Воображение и тайная страсть толпы к сенсациям какое-то время безмолвствовали, ибо биография Чайковского казалась открытой книгой и столь же доступной всеобщему обозрению, как и обстоятельства его смерти, поскольку личность его представала — в общественном плане — ясной и лишенной загадок, в его творчестве отсутствовал заметный уклон в иррациональность, и трагизм его произведений никакие увязывался с известными фактами его личной жизни. Очевидность не есть доказательство — Гоголь, как известно, умер при свете дня, и факт этот засвидетельствован медиками. Но легенда о том, что писателя положили в гроб живым, тем не менее родилась. Понятно, что подобная идея отлично сочеталась с автором «Вия» и «Страшной мести», но при любых обстоятельствах нечто подобное было б вряд ли возможно связать с именами, скажем, Герцена, Чехова или Владимира Соловьева. В жизни Петра Ильича имело, однако, место неординарное и многим непонятное обстоятельство — его гомосексуальность. Вне специфической, связанной с этой формой любовных чувств субкультуры представление о ней у обычного человека, надо полагать, было туманным и сопряженным с брезгливостью или жалостью. Ассоциации, вызываемые ею, касались лишь предметов медицинских или криминальных. И это притом что присутствие в повседневной жизни достаточного количества гомосексуально ориентированных людей было фактом общеизвестным и специального интереса не вызывало: о нем не задумывались, а если и задумывались, то игнорировали или мирились с ним как с нелепостью и неизбежным, но невредным и не совсем постижимым злом.

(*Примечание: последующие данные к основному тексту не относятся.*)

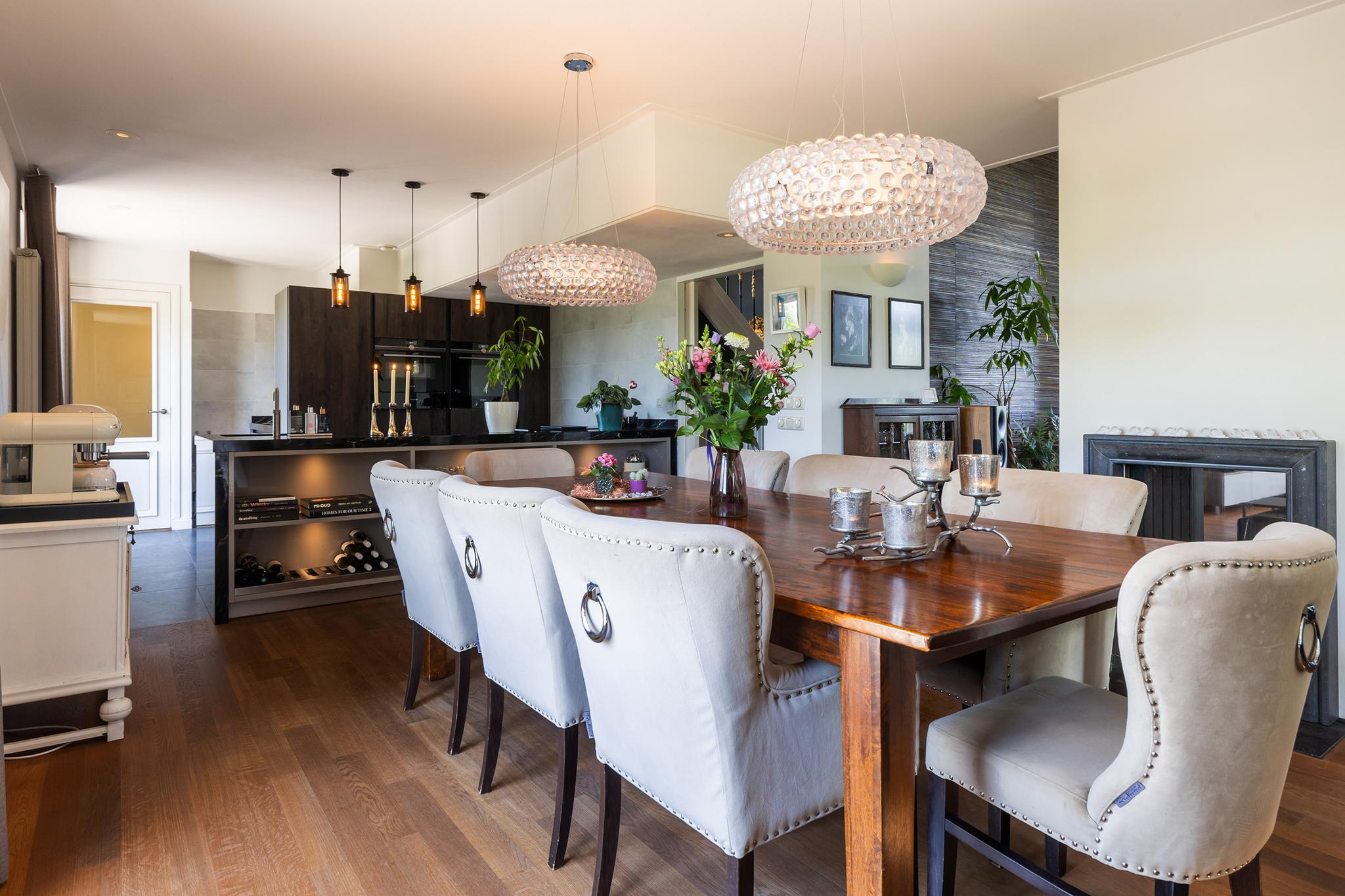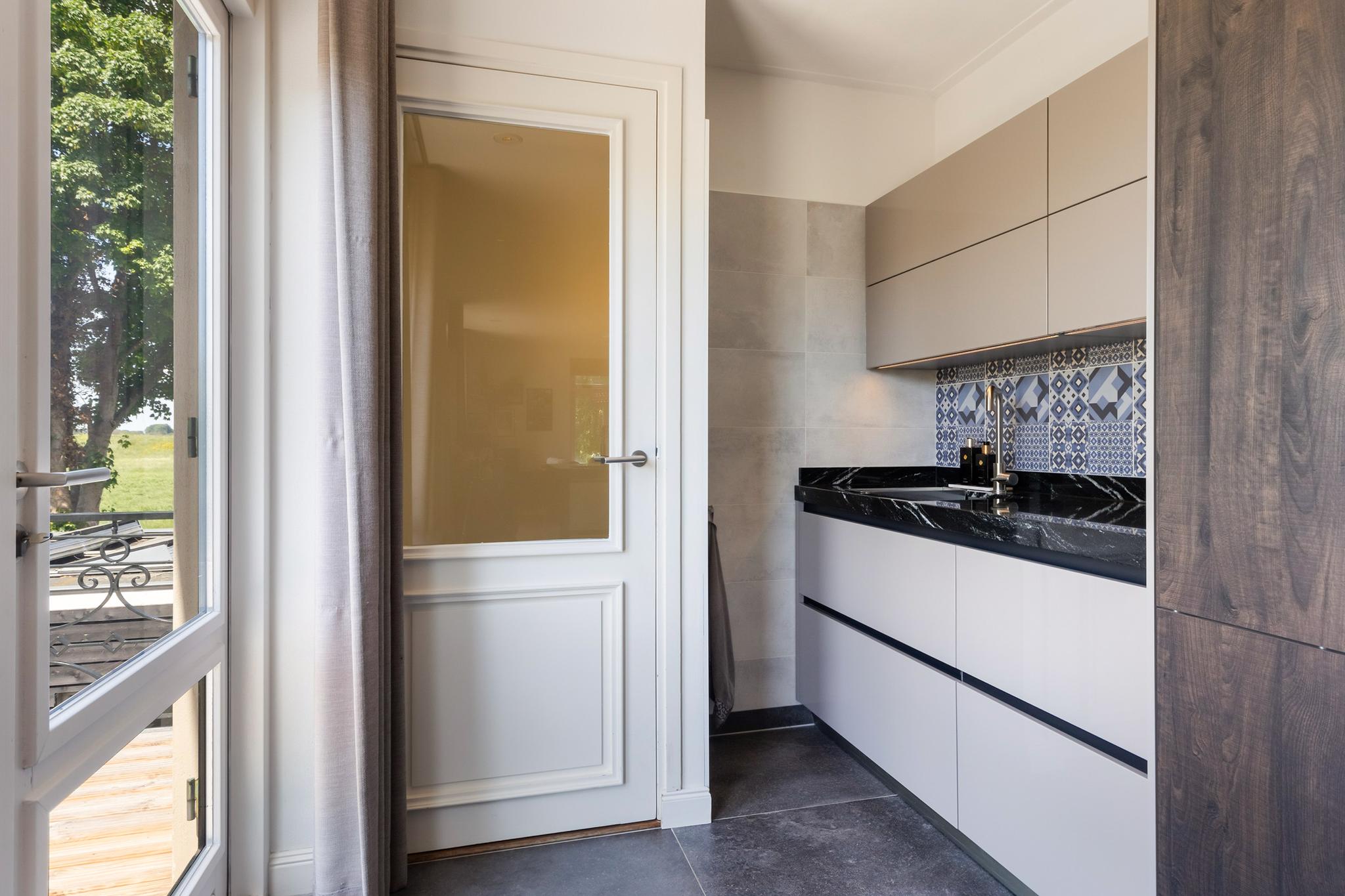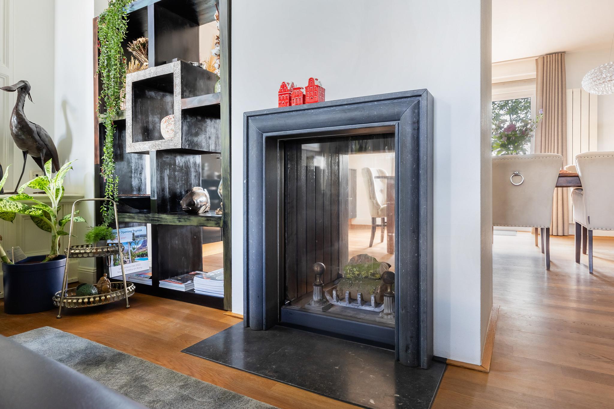 The villa spans four floors, offering a wealth of possibilities for living and working. The main living level sits at dike height and features a refined living space where atmosphere, comfort and panoramic views converge. Adjacent to the entrance hall is a generous study with a character fireplace and views over the rivers. The living room, dining area and kitchen flow seamlessly into one another, connected by an elegant see-through fireplace. French doors open onto a spacious balcony, offering uninterrupted views over the water and surrounding countryside – a truly captivating panorama that never ceases to inspire.

Совсем иначе обстояло дело, если подобное сексуальное поведение приписывалось лицу выдающемуся, кумиру многих тысяч, обретшему не только национальную, но и мировую славу. Гомосексуальность и связанная с ней секретность волей-неволей окружали Чайковского ореолом невысказанности и значительности. «Частная жизнь его вообще была окружена каким-то туманом, дымкой таинственности», — отмечал один из современников. Известно, что слухи эти доходили как до великосветских гостиных, так и до прессы. Мы помним, как композитора расстроила заметка о консерватории в «Новом времени», где намекал ось на «амуры другого рода» во взаимоотношениях между профессорами и студентами.

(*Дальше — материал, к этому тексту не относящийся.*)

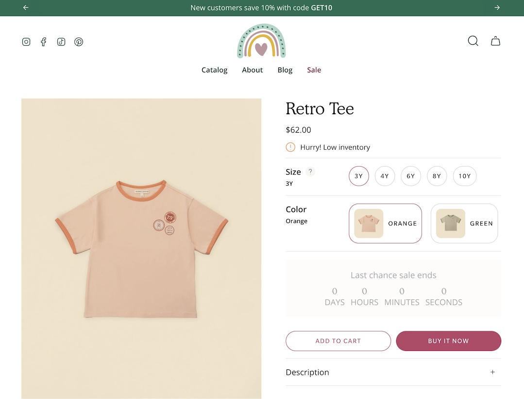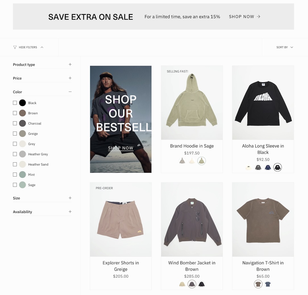 * **Product images** are displayed **as swatches** on **both** the collection grid and product pages.

Проблема эта существовала и на другом сознательном уровне, более высоком, чем путаница в голове обычного человека. Вполне возможно, что нечто похожее отразилось (хотя бы косвенно и в куда более сложной форме) в письме Льва Толстого жене сразу после смерти композитора, 27 октября 1893 года: «Мне очень жаль Чайковского, жаль, что как-то между нами, мне казалось, что-то было. Я у него был, звал его к себе, а он, кажется, б[ыл] обижен, что я не б[ыл] на Евг[ении] Он[егине]. Жаль как человека, с к[оторым] что-то б[ыло] чуть-чуть не ясно, больше еще, чем музыканта. Как это скоро, и как просто и натурально, и ненатурально, и как мне близко».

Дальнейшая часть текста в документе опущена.